A federal district judge in Montana earlier today dismissed a lawsuit filed by the Freedom from Religion Foundation to have the U.S. Forest Service remove a statue of Jesus on Big Mountain near Whitefish, Mont.
The statue, a memorial to those who lost their lives in World War II, was erected by the Knights of Columbus 60 years ago and is known as “Big Mountain Jesus.” The memorial is privately maintained and located in the middle of a commercial ski resort on Forest Service property.
The Wisconsin-based Freedom from Religion Foundation said the statue could not be legally displayed on government-owned land because of its religious nature.
Rejecting the group’s argument, U.S. District Judge Dana Christensen, who was appointed by President Barack Obama in 2011, held that the 60-year-old memorial did not violate the First Amendment.
“Unquestionably, Big Mountain Jesus is a religious symbol commonly associated with one form of religion,” he said. “But not every religious symbol runs afoul of the Establishment Clause of the United States Constitution. Big Mountain Jesus is one of the only vestiges that remains of the early days of skiing at Big Mountain, and to many serves as a historical reminder of those bygone days.”
Eric Rassbach, deputy general counsel for the Becket Fund for Religious Liberty, who defended the memorial in court, praised the judge’s decision: “The court’s common-sense decision today honors our veterans, preserves our nation’s history, and rejects the idea that all religious symbols must be banished from public property.”

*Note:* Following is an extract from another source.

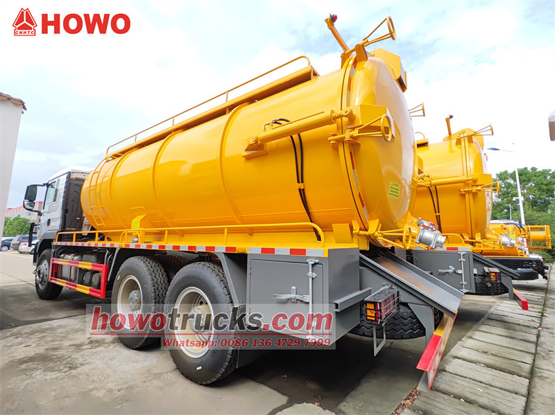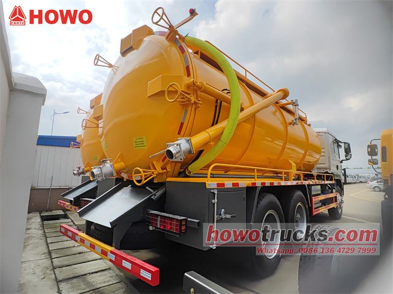 A HOWO 6x4 20 köbméteres szennyvízszívó teherautó a HOWO TX430 alvázra épül, 4600+1350 mm tengelytávval, Weichai WP12S430E201 motorral és Sinotruk HW19710 sebességváltóval felszerelve. A felső rész egy 20 köbméteres, 5 mm vastagságú szénacélból készült szennyvíztartály. A jármű egy 20 m3 kapacitású 2BEA-204 vízkeringető vákuumszivattyúval van felszerelve.³/perc, egy nézőüveg, egy másodlagos szűrő, egy ürítőszelep, egy szennyvízcső, egy létra, egy szerszámosláda, egy vákuumnyomásmérő, egy bal oldali vezérlőszelep, egy vezérlőszelep a csomagtérajtó nyitásához és zárásához, valamint egy tartályemelő.

The Knights of Columbus leased the 25-foot-by-25-foot plot of land, maintained the memorial, and renewed its permit to do so every 10 years without incident, until 2010, when the Freedom from Religion Foundation filed suit.
“We still don’t know if a tree falling in a forest makes a sound,” Rassbach said. But we can be sure that a lonely Jesus statue standing in a Montana forest doesn’t create an official state religion for the United States.”